▶ Task requirements
What you should repeat is the run of lines from the top of the listing below through the line with "SCHWARZKOPF OSIS+ FLATLINER", exactly, with no pictures.

▶ Task material
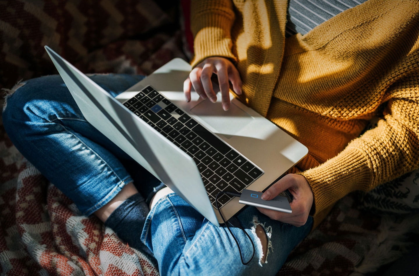 Khả năng tương thích đa thiết bị Ổ cứng di động SSD Samsung T7 Touch truy cập tập tin của bạn mọi lúc, mọi nơi. T7 Touch tương thích với PC, Mac, thiết bị Android, máy chơi game, v.v. Bao gồm trong hộp là cáp USB loại C-to-C và loại C-to-A để thêm phần thuận tiện. |
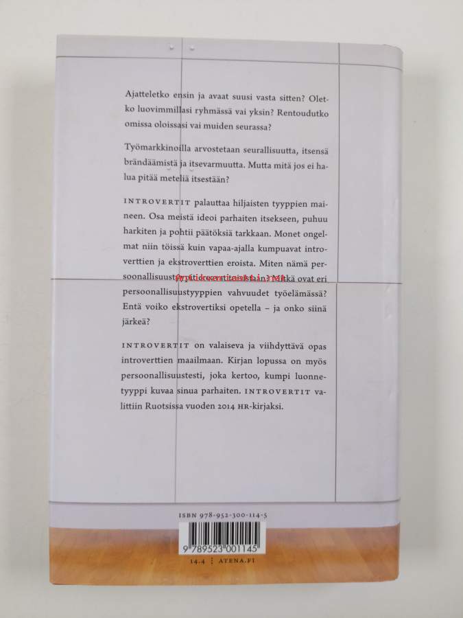 Muu(t) tekijä(t): Ulla LempinenAlkuteos: IntrovertAsiasanat: ihmissuhteet, työelämä, sosiaalinen vuorovaikutus, persoonallisuuden piirteet, temperamentti, sosiaalisuus, introversio
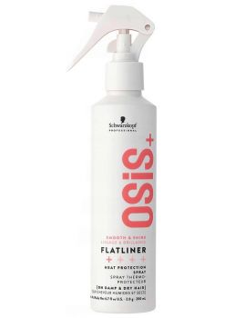 SCHWARZKOPF OSIS+ FLATLINER - SÉRUM PRO ŽEHLENÍ NEBO KULMOVÁNÍ VLASŮ 200ml * pro použití s narovnávací žehličkou nebo s kulmou na vlasy * díky tužicím účinkům vhodný pro formování vlasů pomocí vlasové žehličky, kulmy nebo krepovačky * ochraňuje vlasy a pomáhá je zafixovat ve tvaru jakém požadujete * obsahuje ingredience odolné vůči teplotě do 200°C * speciální ochrana vlhkosti vlasů umožňuje dosáhnout o 30% déle trvající výsledek * dokonalá ochrana vlasů proti nepříznivým účinkům tepla při žehlení vlasů * silná fixace č.3 * Aplikace: Na suché vlasy: nastříkejte do vybraných partií před použít narovnávací žehličky nebo kulmy. Na vlhké vlasy: rovnoměrně nastříkejte po celé hlavě před fénováním. Vlasy narovnejte žehličkou nebo natočte kulmou *
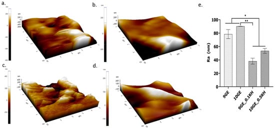Figure 10 shows the surface topology of the hydrogel samples based on AFM scanned images, including the mean surface roughness for all samples. The surface roughness of the hydrogel samples will affect cell adhesion and cell behavior. Overall, Figure 10a,c, which represent gelatin and genipin-crosslinked hydrogels without the addition of Kelulut honey (KH), exhibit a rougher surface topology with distinct peaks, valleys, and significant height variations, indicating a rougher surface. Among them, 10GE has the roughest surface topology and highest mean surface roughness, while 9GE_0.1KH has the smoothest surface topology and mean surface roughness.
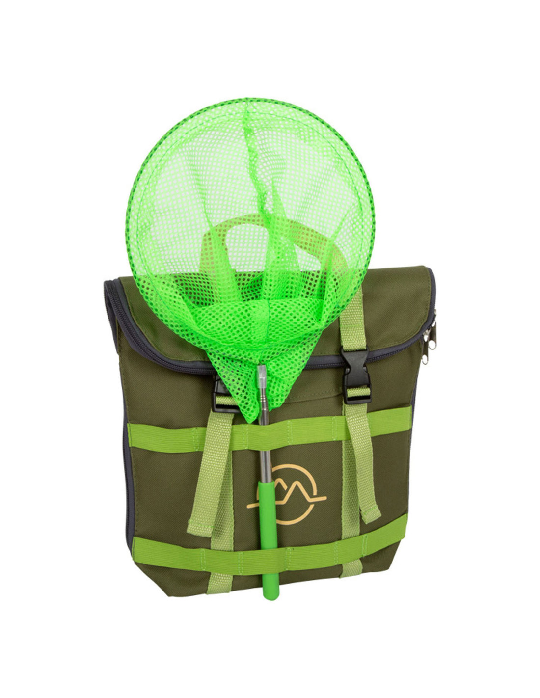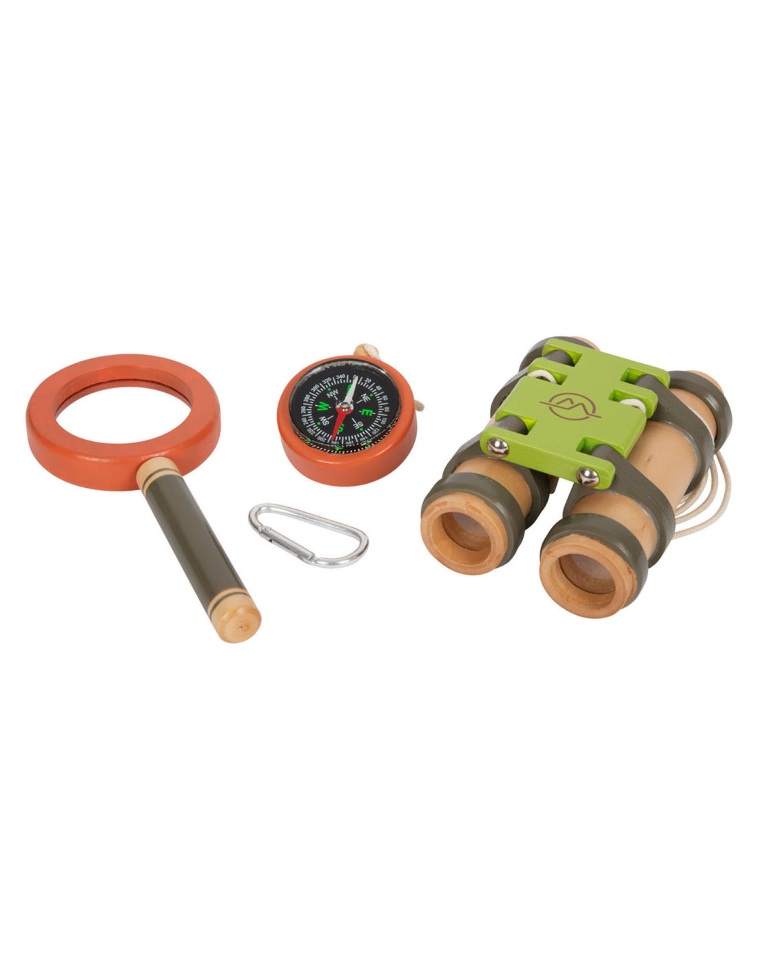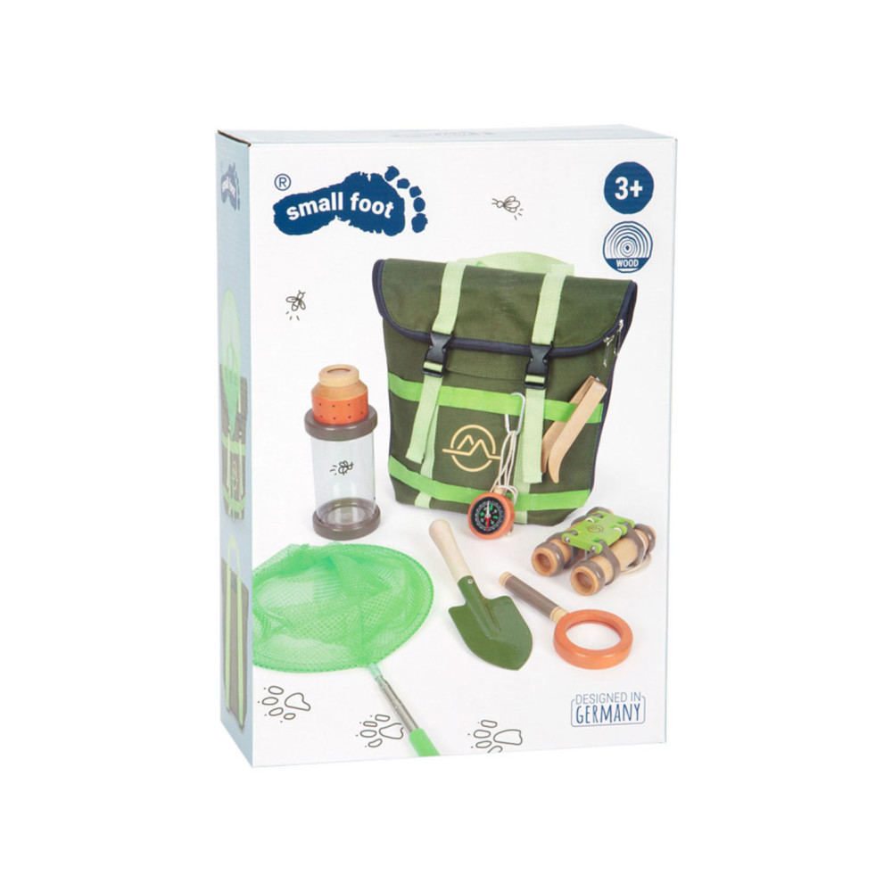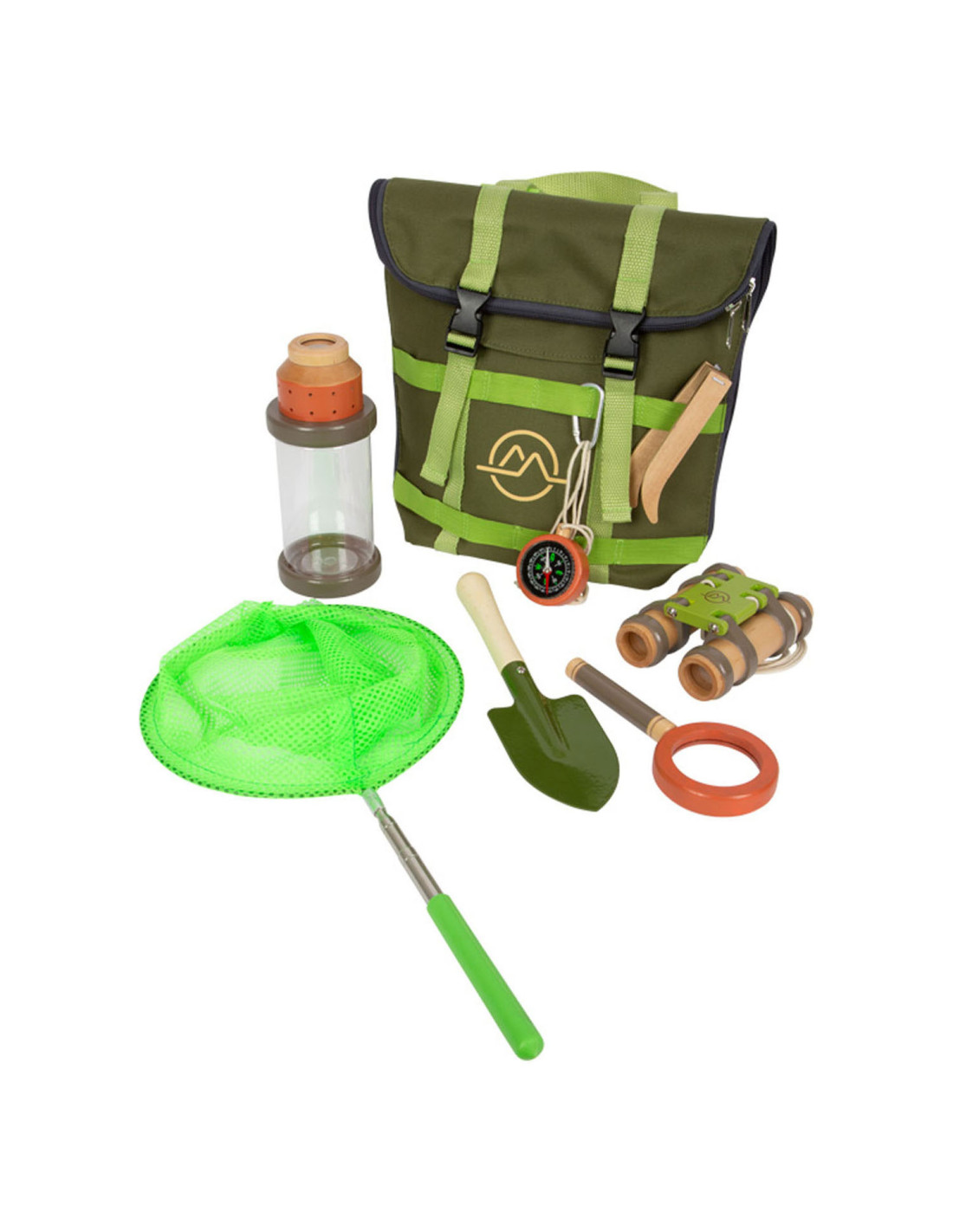 Avonturiers rugzak voor kinderen. Inhoud: insectenpot met schroefdeksel en geïntegreerd vergrootglas, houten verrekijker, insectennet met telescoopstok, kompas met draagkoord, vergrootglas met vergrotingsfunctie, pincet, schep en veerhaak. Afmetingen: rugzak ca. 27 x 10 x 14 cm, schepnet (uitgeschoven) lengte: ca. 85 cm, Ø ca. 20 cm. Geschikt voor kinderen vanaf 3 jaar oud.

▶ Task result
 Khả năng tương thích đa thiết bị Ổ cứng di động SSD Samsung T7 Touch truy cập tập tin của bạn mọi lúc, mọi nơi. T7 Touch tương thích với PC, Mac, thiết bị Android, máy chơi game, v.v. Bao gồm trong hộp là cáp USB loại C-to-C và loại C-to-A để thêm phần thuận tiện. |
 Muu(t) tekijä(t): Ulla LempinenAlkuteos: IntrovertAsiasanat: ihmissuhteet, työelämä, sosiaalinen vuorovaikutus, persoonallisuuden piirteet, temperamentti, sosiaalisuus, introversio
 SCHWARZKOPF OSIS+ FLATLINER - SÉRUM PRO ŽEHLENÍ NEBO KULMOVÁNÍ VLASŮ 200ml * pro použití s narovnávací žehličkou nebo s kulmou na vlasy * díky tužicím účinkům vhodný pro formování vlasů pomocí vlasové žehličky, kulmy nebo krepovačky * ochraňuje vlasy a pomáhá je zafixovat ve tvaru jakém požadujete * obsahuje ingredience odolné vůči teplotě do 200°C * speciální ochrana vlhkosti vlasů umožňuje dosáhnout o 30% déle trvající výsledek * dokonalá ochrana vlasů proti nepříznivým účinkům tepla při žehlení vlasů * silná fixace č.3 * Aplikace: Na suché vlasy: nastříkejte do vybraných partií před použít narovnávací žehličky nebo kulmy. Na vlhké vlasy: rovnoměrně nastříkejte po celé hlavě před fénováním. Vlasy narovnejte žehličkou nebo natočte kulmou *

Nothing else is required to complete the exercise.